I expect Microsoft will do the same for Nuance’s speech recognition technology. This technology allows users to interact with software applications by voice instead of typing. It’s easy to envision this being incorporated directly into Microsoft Outlook and Word.
I suspect a big motivation for the acquisition was also Microsoft’s interest in Nuance’s health care-related business. Nuance has deals in place that allow doctors to use its technology to dictate notes for patient record keeping rather than writing or typing them.
And Microsoft has been trying to break into the medical records industry for years now with limited success. This is a quick way to get a foot in the door.

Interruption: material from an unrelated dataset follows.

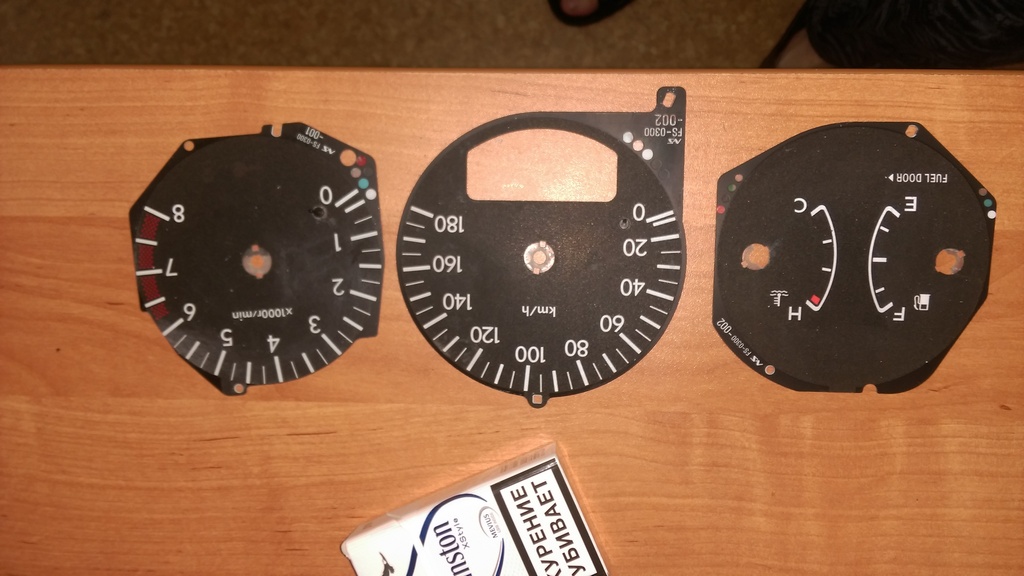 Вообщем решил запилить диоды в приборку. Разделю на 3-4 темы по продолжению работ, так как работы ведутся в рабочее время =)))) Дано: Контрактная приборная панель от субаря, а мало ли, эксперименты закончатся печально. Диоды, разные, плюс сопротивления - целая "пулеметная лента" из сопротивляшек. И еще не мало важно, когда есть знакомый авто-электрик от бога. Первое фото, сама приборка. Взял от турбо. у меня атмо, по дисплею разница в значке "ECO" и "Power", х3 по разъемам подойдет или нет... И так, поехали.. Разбираем приборку, далее три трафарета откладываем в сторону, переворачиваем. Они все покрыты зеленой хренью - краской. Берем обычный ацетон/растворитель, оттираем до результата как на спидометре. Немного конечно кхерится внутренняя часть трафарета, но это не страшно. Все что сделано в Япии - навечно, нежеле чем у нас. Затем сверлим дырки под диоды, 3-5мм. Прикручиваем их, паяем. За что спасибо Артуру, авто-электрику. Я ему задачки подкидывал разного уровня сложности... Справился на ура. На фото видна лицевая часть и тыловая часть всех мероприятий... Осталось только спилить головки диодов, чтобы трафарет плотно прилегал к основе. Пока что сделали тахометр и спидометр, спидометр получился ярким, а вот тахометр малость подвел... -------------------- Я организую свой турнир по warhammer 40000, с Блэк Джеком и шлюхами...

So this move signals that speech recognition will become a common way to work with computers on the world’s dominant computer software platform – Microsoft Windows. The technology is finally able to provide an alternative to typing.
And the Nuance acquisition will open up a lot of innovation in the space. Microsoft’s competitors – and those who don’t like Microsoft – will be looking for other solutions.
That will be a catalyst, driving other companies to build competing products.
And given the steep price Microsoft paid for Nuance, we can be sure that the venture capital community will be happy to fund innovation in NLP and speech recognition technology. This deal is a clear example of a massive exit, which means that it can happen again.
We will want to keep a close eye on this trend going forward. There may be some great investment opportunities that spring from it in the years to come.